En los cinco o diez minutos que habían pasado desde que abriera los ojos aquella mañana, Edu ya había podido captar que el día no había empezado con buen pie. Entre el extraño y perturbador sueño con el que se había despertado y su inesperada riña con David, parecía que a Edu lo había mirado un tuerto. Con el móvil en la mano, Edu empezó a mirar rutinariamente los iconos de su pantalla mientras daba vueltas a lo que la acababa de decir David, rumiando y mascullando. Casi sin pensar, abrió el Whatsapp y vio que tenía un mensaje de voz sin revisar. Era de Alberto. Edu se había olvidado de escucharlo anoche, pues justo le había llegado la notificación cuando David y él estaban a punto de acostarse, y no precisamente para dormir. En fin, ahora tenía un momento para escucharlo, así que pulsó el botón de reproducción y acercó el móvil a su oído. La voz de Alberto se abrió paso a través del altavoz:

Lo siento, Edu, pero no voy a ir mañana. Ya se lo he dicho a Pablo. Me sabe muy mal no estar, pero… Bueno, ya sabes. Tampoco quiero aguar la noche a nadie, y al fin y al cabo él os ha invitado a Álex y a ti primero. No te preocupes, mándale un abrazo a Pablo y dile que tengo muchas ganas de conocer a su novia. De todas formas, esta noche voy a estar en casa de mis padres, que vienen unos parientes a los que hace un montón que no veo, así que… Bueno, pues eso, que tengo plan.

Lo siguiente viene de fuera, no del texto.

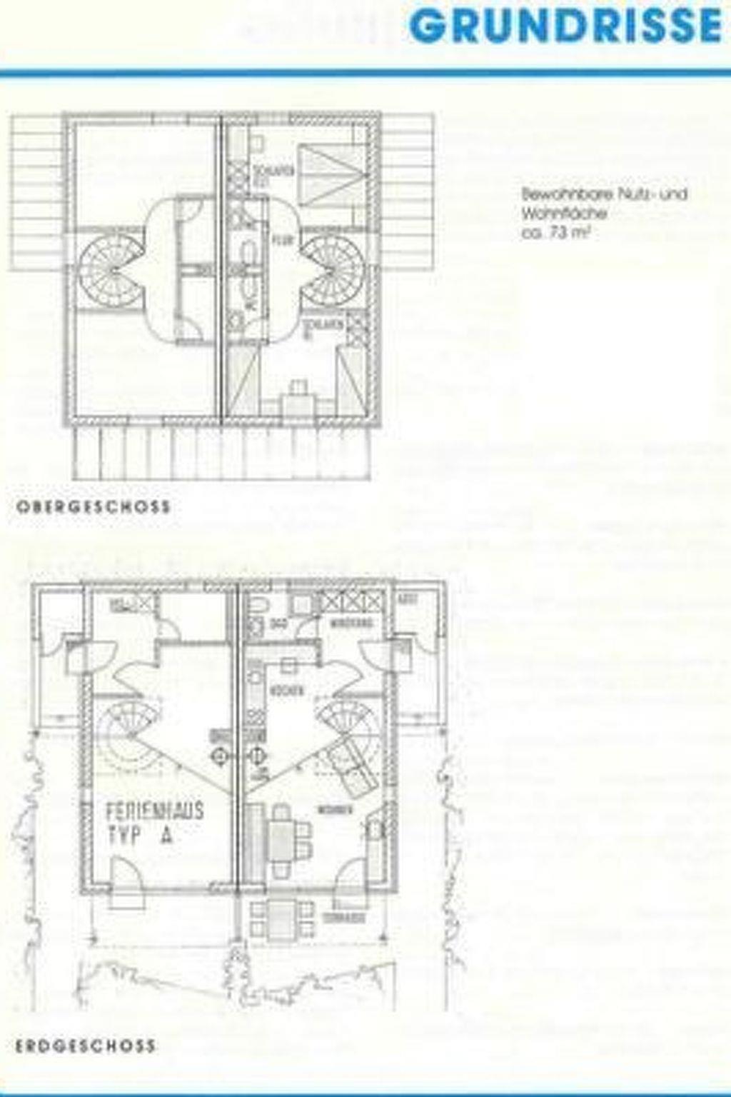 Each holiday home has 2 separate bedrooms with their own WC. There is a further WC with shower on the ground floor. The comfortable living area is equipped with a Full HD flat LCD 37" and has direct access to the furnished terrace with sunbathing lawn. We also offer WLAN and DSL connection. The couch can be converted into a bed for 2 additional guests. The well-equipped kitchen allows for optimal self-catering. Experience romantic evenings by a cosy open fire (unfortunately we had to remove the stoves due to new legislation). The partially fenced garden is ideal for guests with pets. The houses also have a baby high chair and baby cot (request before arrival).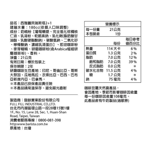 西雅圖貝瑞斯塔2+1_21g×100入/袋裝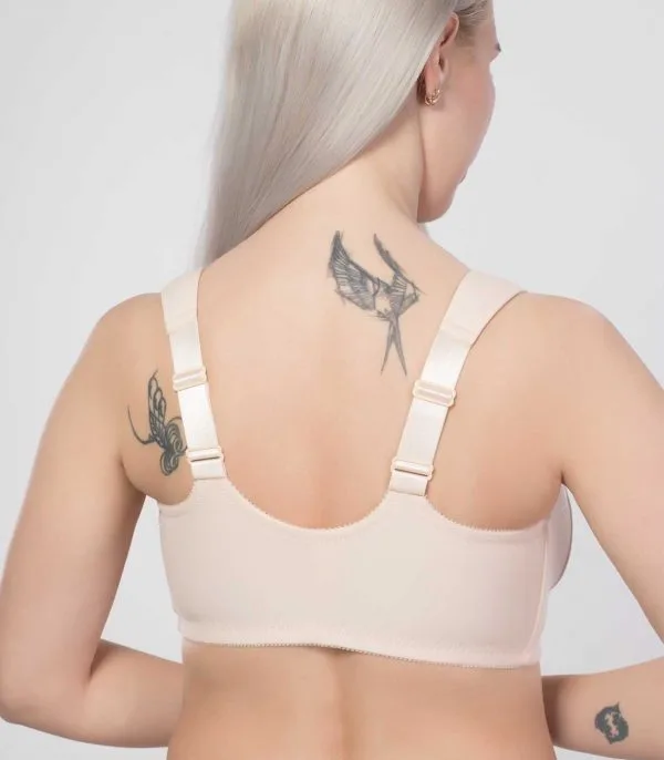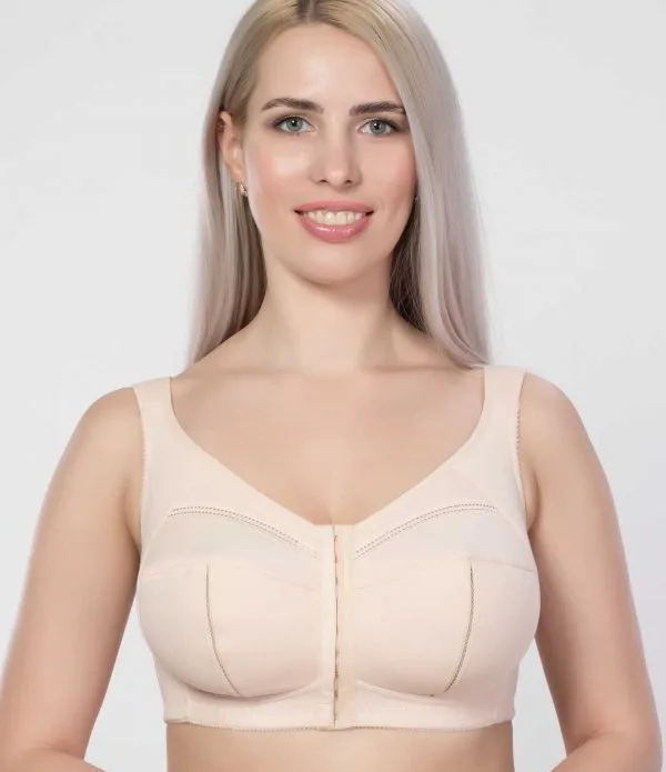 Бюстгальтер з м’якими чашками без каркасів із застібкою спереду з пружними пластинами в бічних деталях стану. Виготовлений з еластичного трикотажного бавовняного полотна. Розширені комфортні бретелі дубльовані тонким поролоном і бавовняним полотном.

Vosotros pasadlo muy bien, ¿vale? ¡Bebed mucho por mí! Y si se tercia, dile a Álex que le echo de menos…

Escuchó el audio de su amigo con una extraña mezcla de sentimientos. Lo que acababa de oír era la respuesta a un audio que Edu le había mandado por la tarde. Por un lado, a Edu le apenaba realmente que Alberto no pudiera ir aquella noche a la fiesta de Pablo, dada la tensa situación que había entre Álex y él; por otro, sentía una profunda rabia por la evidente mentira que su amigo le acababa de contar. Claro que Alberto tenía plan, pero no con sus padres ni con ningún pariente lejano venido desde Chipre o Tombuctú. Estaba clarísimo que con quien tenía plan era con Borja, el engreído gilipollas con el que había empezado una relación secreta. Como para no llevarla en secreto, claro, pues su novio —o como quiera que Alberto lo calificara para sí— era también la némesis declarada de su grupo de amigos.

Definitivamente, Edu se había levantado con el pie izquierdo aquella mañana.